Reveled by special elastic stains
Microfibrils made of glycoproteins contain fibrillin --> surrounded by amorphous elastin.
Desmosine and isodesmosine in elastin provide elastic properties. (Marfans syndrome = defect in fibrillin)
What role to desmosine and isodesmosine play in elastic fibers?
These are unique to elastin and are responsible for covalent bonds b/w elastin --> giving elastic fibers their elastic properties.
What is the role of structural glycoproteins in the ECM of CT and what are some examples - what do they do?
Structural GP - adhere connective tissues, cells, epithelia. Link elements of ECM to each other and cells within.
Laminin - helps in binding of basement membranes to epithelial cells
Fibronectin - Binds integrins to hold everything together
What is the function of the ground substance in ECM of CT?
Hydrated gel in which cells, fibers, and proteins are embedded. Essential for diffusion of nutrients, binds water, electrolytes, hormones.
What is the composition of the ECM of CT?
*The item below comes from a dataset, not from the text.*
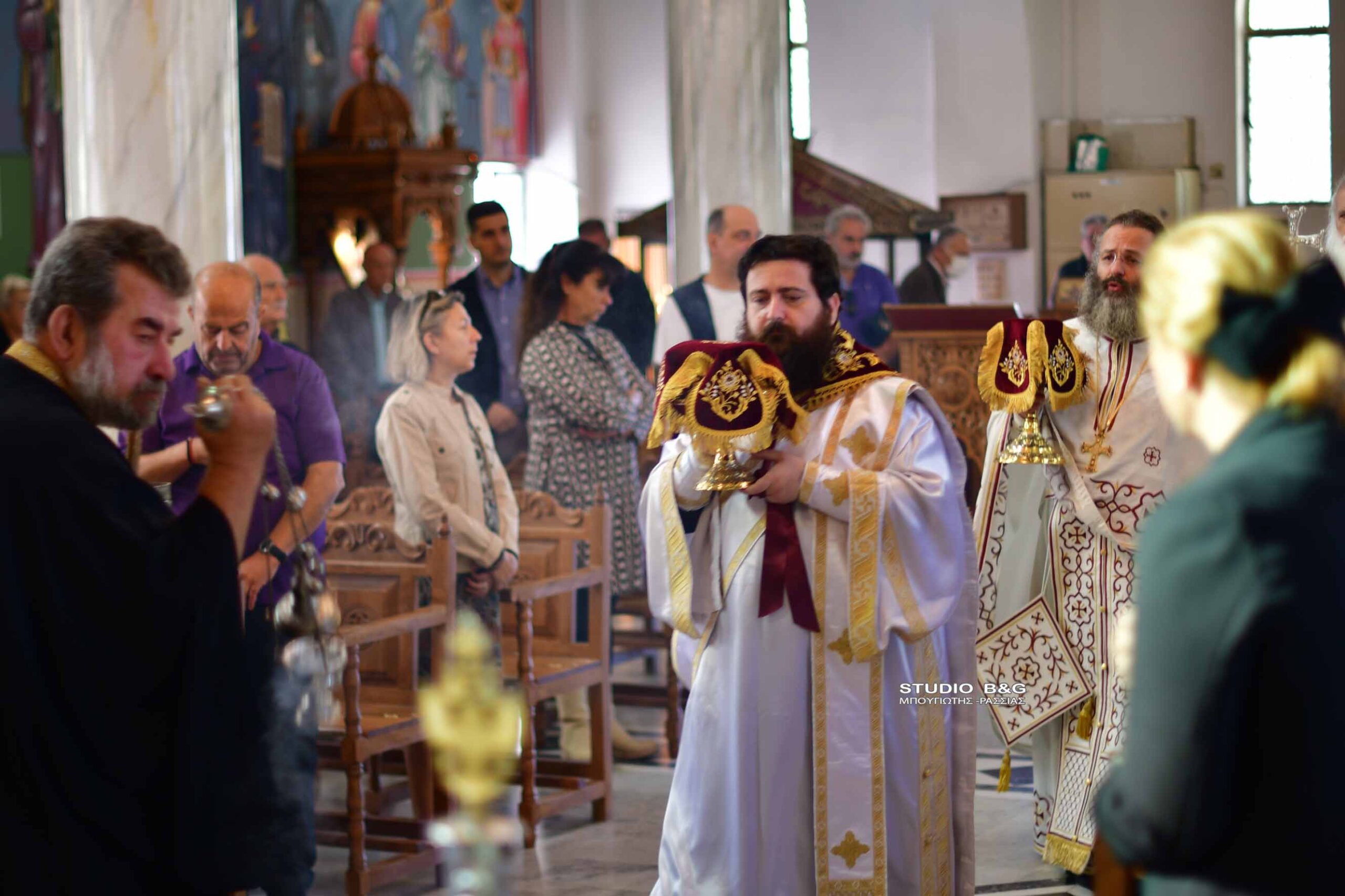 Κατά την θεία λειτουργία έψαλλε ο πρωτοψάλτης και αντιδήμαρχος Ναυπλίου Κωνσταντίνος Ρούτουλας . Το θεία κήρυγμα έκανε ο γενικός αρχιερατικός της Μητροπόλεως Αργολίδας πρωτοπρεσβύτερος π. Πέτρος Αθανασόπουλος.

Viscous gel of glycosainoglycans (GAGs) long disaccharide repeats that are bound to a protein core. Proteoglycans are the GAGs bound to the protein core. --> create pockets for water.
Hyaluronic acid is one GAG found in synovial fluid, cartilage, umbilical cord.
What are the two types of connective tissue? Describe their appearance.
Loose and regular.
Loose --> irregular
Dense --> regular and irregular
Loose has lots of cells, few fibers, lots of granule substance
Dense has fewer cells, more fibers
Adipose tissue is a specialized connective tissue. What are the two types?
White (unilocular) and brown (mutlilocular) fat. Uniclocular has one fat droplet and multilocular has many. Brown is found in animals and infants --> generates heat, lots of mitochondria and uncoupling enzymes.